> Dataset extract
------------------------

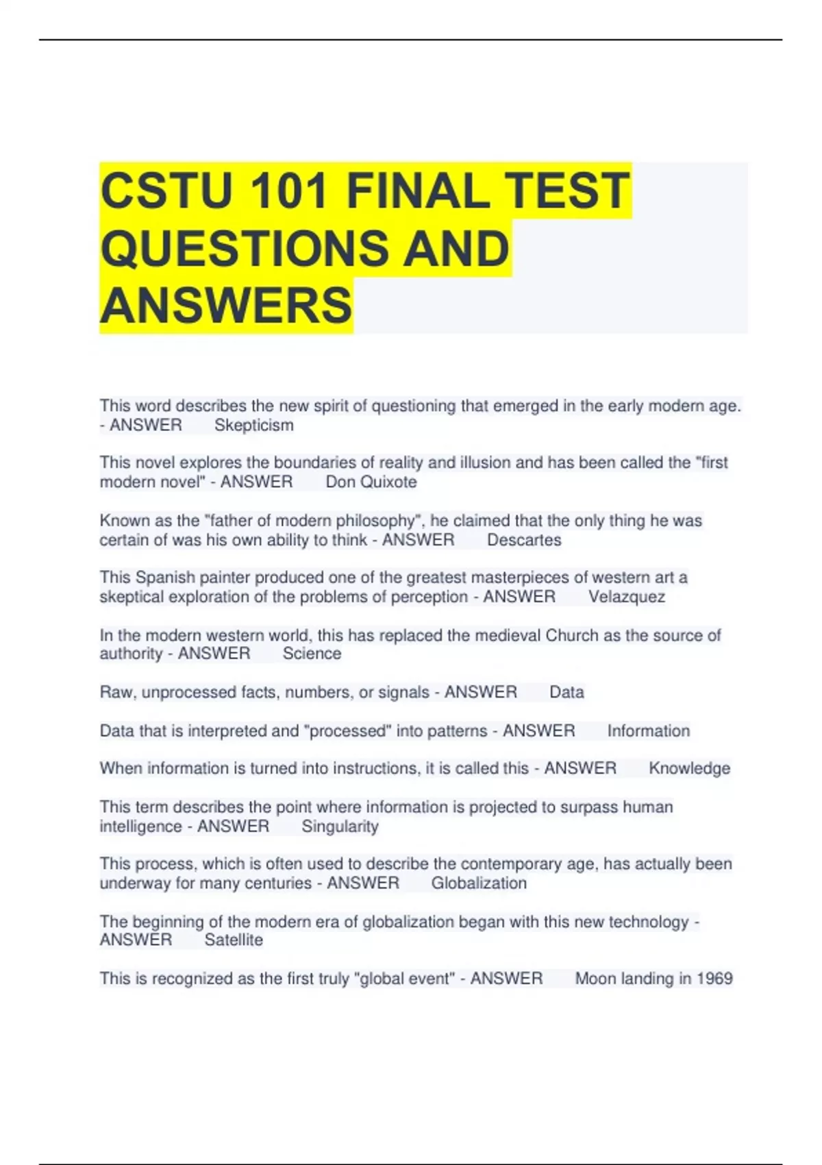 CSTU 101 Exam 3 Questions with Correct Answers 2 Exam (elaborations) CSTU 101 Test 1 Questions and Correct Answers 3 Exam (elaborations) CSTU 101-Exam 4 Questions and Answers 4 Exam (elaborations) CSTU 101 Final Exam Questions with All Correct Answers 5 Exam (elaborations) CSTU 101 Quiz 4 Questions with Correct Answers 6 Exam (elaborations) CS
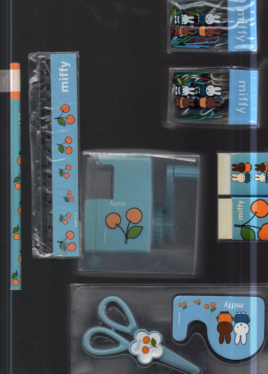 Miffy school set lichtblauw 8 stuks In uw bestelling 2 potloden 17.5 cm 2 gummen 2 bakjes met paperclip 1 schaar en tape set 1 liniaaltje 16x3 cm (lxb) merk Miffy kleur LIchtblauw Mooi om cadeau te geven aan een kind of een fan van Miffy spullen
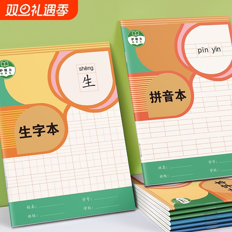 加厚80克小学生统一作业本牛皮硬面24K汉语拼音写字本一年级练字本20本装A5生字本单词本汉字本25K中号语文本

------------------------

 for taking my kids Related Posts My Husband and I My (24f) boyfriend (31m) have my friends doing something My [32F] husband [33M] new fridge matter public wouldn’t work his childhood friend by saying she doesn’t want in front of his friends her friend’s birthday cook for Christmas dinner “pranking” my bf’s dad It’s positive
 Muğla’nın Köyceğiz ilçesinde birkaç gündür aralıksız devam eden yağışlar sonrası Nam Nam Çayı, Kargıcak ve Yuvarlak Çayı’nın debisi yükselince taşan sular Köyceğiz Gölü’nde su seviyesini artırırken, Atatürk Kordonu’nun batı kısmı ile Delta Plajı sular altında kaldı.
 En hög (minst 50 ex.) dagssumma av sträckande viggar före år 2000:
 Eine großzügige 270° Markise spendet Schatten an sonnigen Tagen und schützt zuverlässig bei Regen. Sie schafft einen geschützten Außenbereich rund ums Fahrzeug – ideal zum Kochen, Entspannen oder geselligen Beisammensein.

------------------------

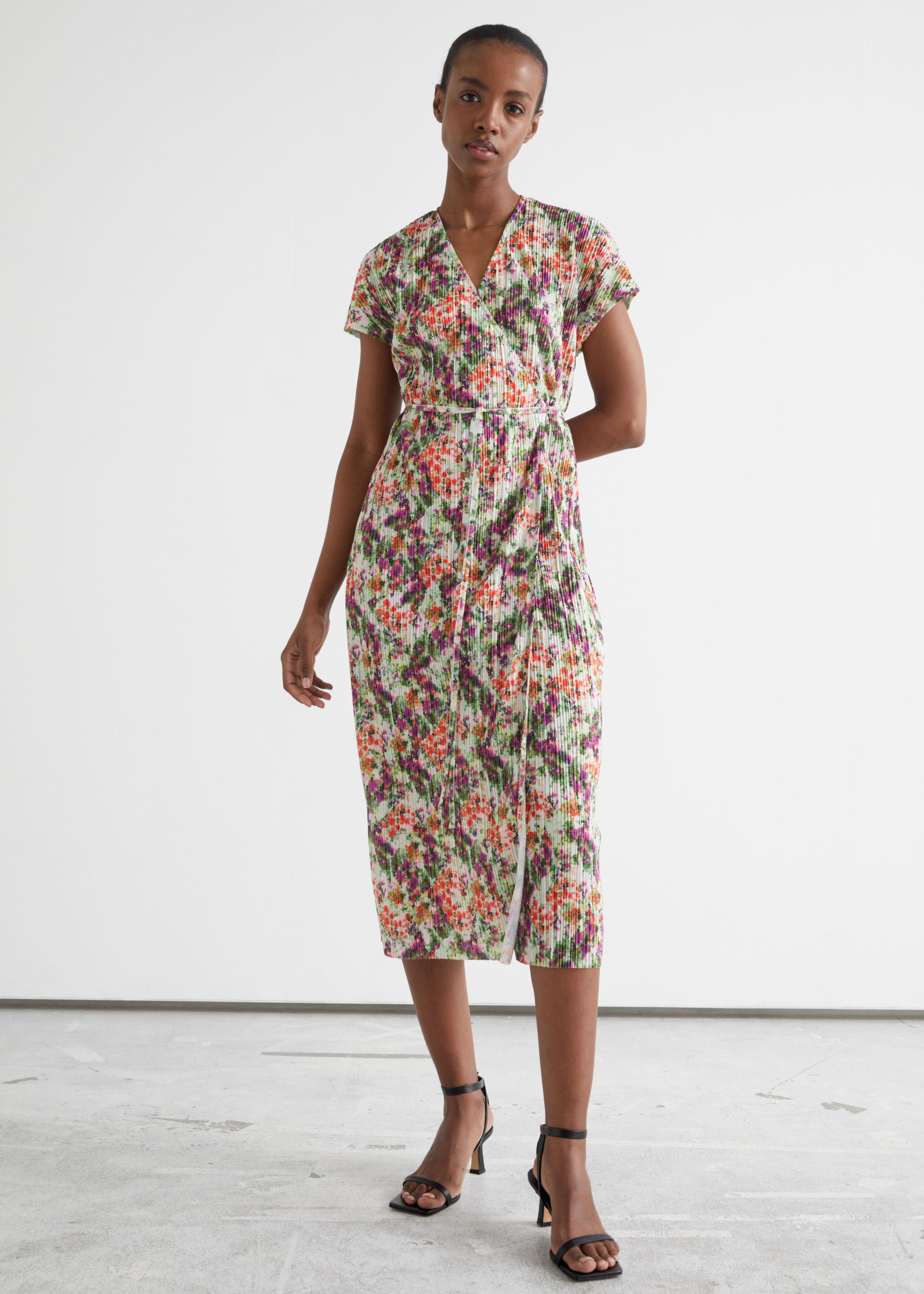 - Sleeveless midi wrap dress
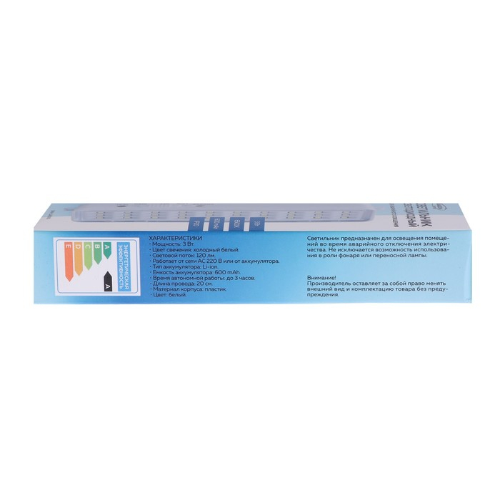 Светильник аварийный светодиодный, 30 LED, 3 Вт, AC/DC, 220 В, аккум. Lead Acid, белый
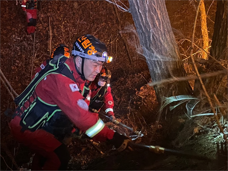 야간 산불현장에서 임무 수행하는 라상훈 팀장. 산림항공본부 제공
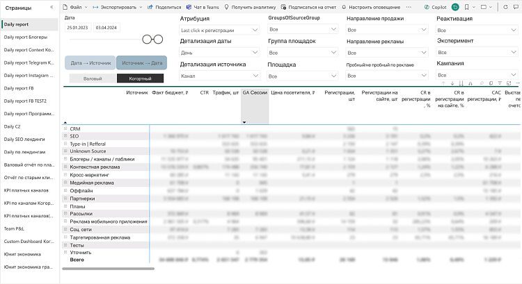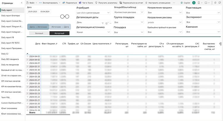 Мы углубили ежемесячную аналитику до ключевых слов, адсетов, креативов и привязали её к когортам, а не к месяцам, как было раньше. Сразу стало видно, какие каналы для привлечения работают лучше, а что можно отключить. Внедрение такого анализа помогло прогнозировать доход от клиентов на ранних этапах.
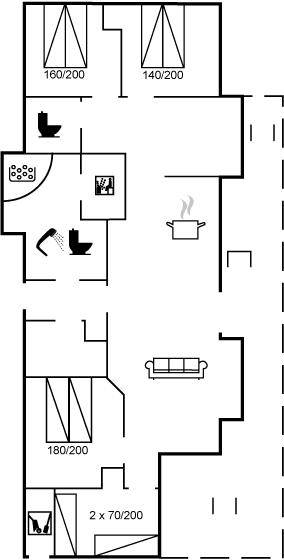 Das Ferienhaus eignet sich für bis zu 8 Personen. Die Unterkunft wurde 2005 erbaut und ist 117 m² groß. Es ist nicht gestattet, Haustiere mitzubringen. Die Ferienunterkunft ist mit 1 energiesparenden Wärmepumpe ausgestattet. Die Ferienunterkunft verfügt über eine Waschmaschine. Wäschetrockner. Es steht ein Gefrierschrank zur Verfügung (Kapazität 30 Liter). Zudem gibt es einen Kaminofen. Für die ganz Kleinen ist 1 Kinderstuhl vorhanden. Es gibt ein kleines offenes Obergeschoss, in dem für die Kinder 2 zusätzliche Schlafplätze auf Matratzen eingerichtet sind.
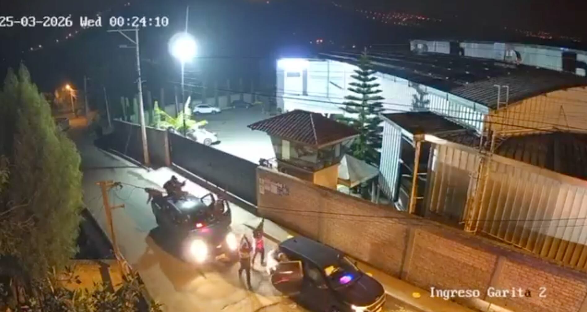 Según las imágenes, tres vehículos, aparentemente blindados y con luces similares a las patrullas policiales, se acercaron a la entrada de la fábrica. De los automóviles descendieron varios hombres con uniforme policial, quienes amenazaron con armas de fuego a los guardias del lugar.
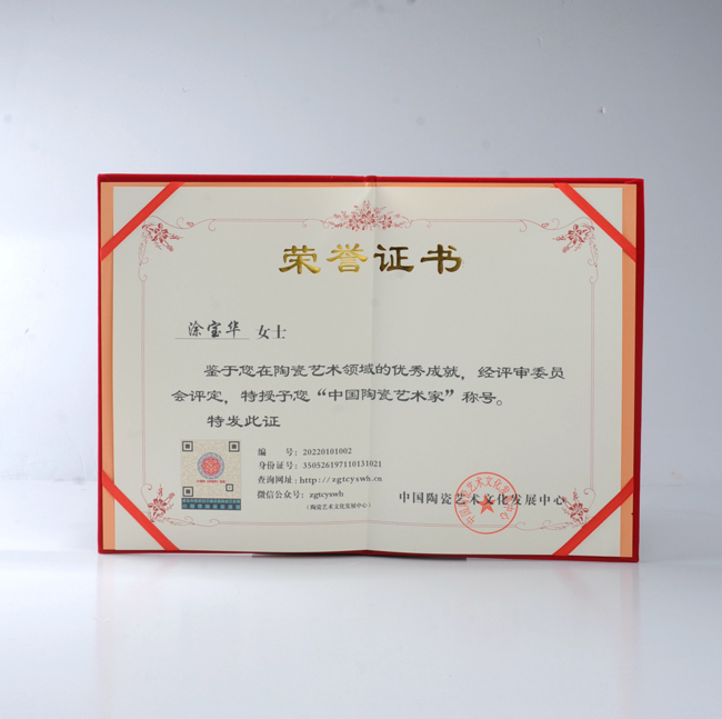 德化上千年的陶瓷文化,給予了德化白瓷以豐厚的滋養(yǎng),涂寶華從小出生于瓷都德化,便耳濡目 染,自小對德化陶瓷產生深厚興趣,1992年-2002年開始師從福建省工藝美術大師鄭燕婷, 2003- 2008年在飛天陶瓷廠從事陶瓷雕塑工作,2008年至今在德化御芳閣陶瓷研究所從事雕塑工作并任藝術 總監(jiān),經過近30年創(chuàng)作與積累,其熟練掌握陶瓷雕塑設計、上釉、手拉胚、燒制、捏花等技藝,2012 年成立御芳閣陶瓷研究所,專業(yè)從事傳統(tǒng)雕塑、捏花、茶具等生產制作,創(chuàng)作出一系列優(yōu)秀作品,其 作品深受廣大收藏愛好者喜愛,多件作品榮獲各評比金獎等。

------------------------

> Your task
The stretch above running from the line with "Miffy school set" through the line with "加厚80克小学生统一作业本牛" is all you should copy, exactly, leaving out the pictures.

> Finished task
 Miffy school set lichtblauw 8 stuks In uw bestelling 2 potloden 17.5 cm 2 gummen 2 bakjes met paperclip 1 schaar en tape set 1 liniaaltje 16x3 cm (lxb) merk Miffy kleur LIchtblauw Mooi om cadeau te geven aan een kind of een fan van Miffy spullen
 加厚80克小学生统一作业本牛皮硬面24K汉语拼音写字本一年级练字本20本装A5生字本单词本汉字本25K中号语文本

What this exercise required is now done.